Submitted to: American Association of Veterinary Laboratory Diagnosticians
Publication Type: Abstract Only
Publication Acceptance Date: 10/28/2008
Publication Date: 10/28/2008
Citation: Frye, J.G., Cray, P.J., Jackson, C.R., Englen, M.D. 2008. A Multiplex PCR Method for the Rapid Serotyping of Common Clinical Isolates of Salmonella. American Association of Veterinary Laboratory Diagnosticians. October 28, 2008. Reno, Nevada.

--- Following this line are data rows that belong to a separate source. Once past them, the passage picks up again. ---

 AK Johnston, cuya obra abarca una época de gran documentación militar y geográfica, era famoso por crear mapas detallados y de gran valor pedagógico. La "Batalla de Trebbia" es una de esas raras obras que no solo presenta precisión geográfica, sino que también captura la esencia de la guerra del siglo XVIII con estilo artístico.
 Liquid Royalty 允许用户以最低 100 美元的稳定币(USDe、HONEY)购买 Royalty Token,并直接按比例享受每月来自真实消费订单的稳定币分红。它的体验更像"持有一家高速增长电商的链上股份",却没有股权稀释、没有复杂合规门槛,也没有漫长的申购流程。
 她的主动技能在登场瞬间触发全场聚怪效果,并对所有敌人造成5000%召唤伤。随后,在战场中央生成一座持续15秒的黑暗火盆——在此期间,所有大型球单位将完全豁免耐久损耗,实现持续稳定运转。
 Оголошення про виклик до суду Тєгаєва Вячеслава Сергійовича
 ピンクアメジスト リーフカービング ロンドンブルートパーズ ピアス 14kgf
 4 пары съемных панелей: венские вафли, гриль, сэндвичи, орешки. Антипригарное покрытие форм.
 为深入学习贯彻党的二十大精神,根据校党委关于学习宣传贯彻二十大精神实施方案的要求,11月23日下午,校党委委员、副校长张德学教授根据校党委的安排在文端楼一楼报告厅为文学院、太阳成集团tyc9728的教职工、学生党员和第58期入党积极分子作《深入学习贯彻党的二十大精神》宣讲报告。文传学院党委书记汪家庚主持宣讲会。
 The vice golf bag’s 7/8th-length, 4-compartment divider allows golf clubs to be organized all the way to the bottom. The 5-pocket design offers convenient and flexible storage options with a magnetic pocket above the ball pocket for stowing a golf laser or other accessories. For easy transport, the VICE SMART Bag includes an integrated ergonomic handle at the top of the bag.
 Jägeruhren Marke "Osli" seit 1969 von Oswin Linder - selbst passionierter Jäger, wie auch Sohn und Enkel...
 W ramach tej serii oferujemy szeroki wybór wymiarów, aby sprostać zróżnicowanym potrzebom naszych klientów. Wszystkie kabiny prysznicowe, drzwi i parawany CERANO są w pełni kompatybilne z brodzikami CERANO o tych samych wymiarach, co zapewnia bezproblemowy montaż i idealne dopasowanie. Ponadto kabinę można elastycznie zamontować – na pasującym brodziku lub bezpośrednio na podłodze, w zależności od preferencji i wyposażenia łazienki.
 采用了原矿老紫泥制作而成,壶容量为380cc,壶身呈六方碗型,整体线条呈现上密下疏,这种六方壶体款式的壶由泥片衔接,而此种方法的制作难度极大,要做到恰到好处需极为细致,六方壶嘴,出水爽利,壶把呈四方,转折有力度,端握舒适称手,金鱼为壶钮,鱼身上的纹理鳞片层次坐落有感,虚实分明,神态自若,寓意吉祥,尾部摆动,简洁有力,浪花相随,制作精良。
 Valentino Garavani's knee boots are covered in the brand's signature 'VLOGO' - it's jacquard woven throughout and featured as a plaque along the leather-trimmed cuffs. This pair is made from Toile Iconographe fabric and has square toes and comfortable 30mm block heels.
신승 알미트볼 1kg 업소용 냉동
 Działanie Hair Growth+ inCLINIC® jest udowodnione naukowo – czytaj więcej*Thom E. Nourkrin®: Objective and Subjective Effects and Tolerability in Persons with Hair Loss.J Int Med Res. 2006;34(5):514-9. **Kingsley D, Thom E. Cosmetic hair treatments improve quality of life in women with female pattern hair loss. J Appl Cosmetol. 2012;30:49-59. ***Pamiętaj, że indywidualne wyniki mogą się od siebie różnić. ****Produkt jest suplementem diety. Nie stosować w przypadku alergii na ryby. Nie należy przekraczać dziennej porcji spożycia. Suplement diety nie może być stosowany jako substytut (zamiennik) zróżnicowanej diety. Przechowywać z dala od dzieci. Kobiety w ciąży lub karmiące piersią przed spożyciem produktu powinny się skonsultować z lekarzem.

Technical Abstract: Salmonella enterica can cause disease in humans and in animals. There are over 2400 different serotypes of Salmonella and determining serotype in an infection is essential for attributing the infection to a specific bacterium. Conventional serotype is determined in a laboratory by reaction between Salmonella antigens with specific antibodies. This is a lengthy process which requires many days, specialized experience and costly production of serum antibody. Recent research using genomic analysis of Salmonella serotypes has revealed that each serotype has a core number of genes (about 4000) in addition to 400-600 genes that are specific for each serotype. The analyses of gene distribution within specific serotypes have been used to develop techniques to replace conventional serotyping. We identified a small number of genes that can differentiate between most common serotypes of Salmonella. These were used to develop a multiplex PCR that can identify the top 35 clinical Salmonella serotypes. This represent over 85% of all Salmonella isolated associated with food borne illness in the U.S. The multiplex PCR is cheaper, quicker and easier to perform than conventional serological typing and can be adopted by any laboratory. This represents a significant improvement in both speed and ease over conventional serotyping.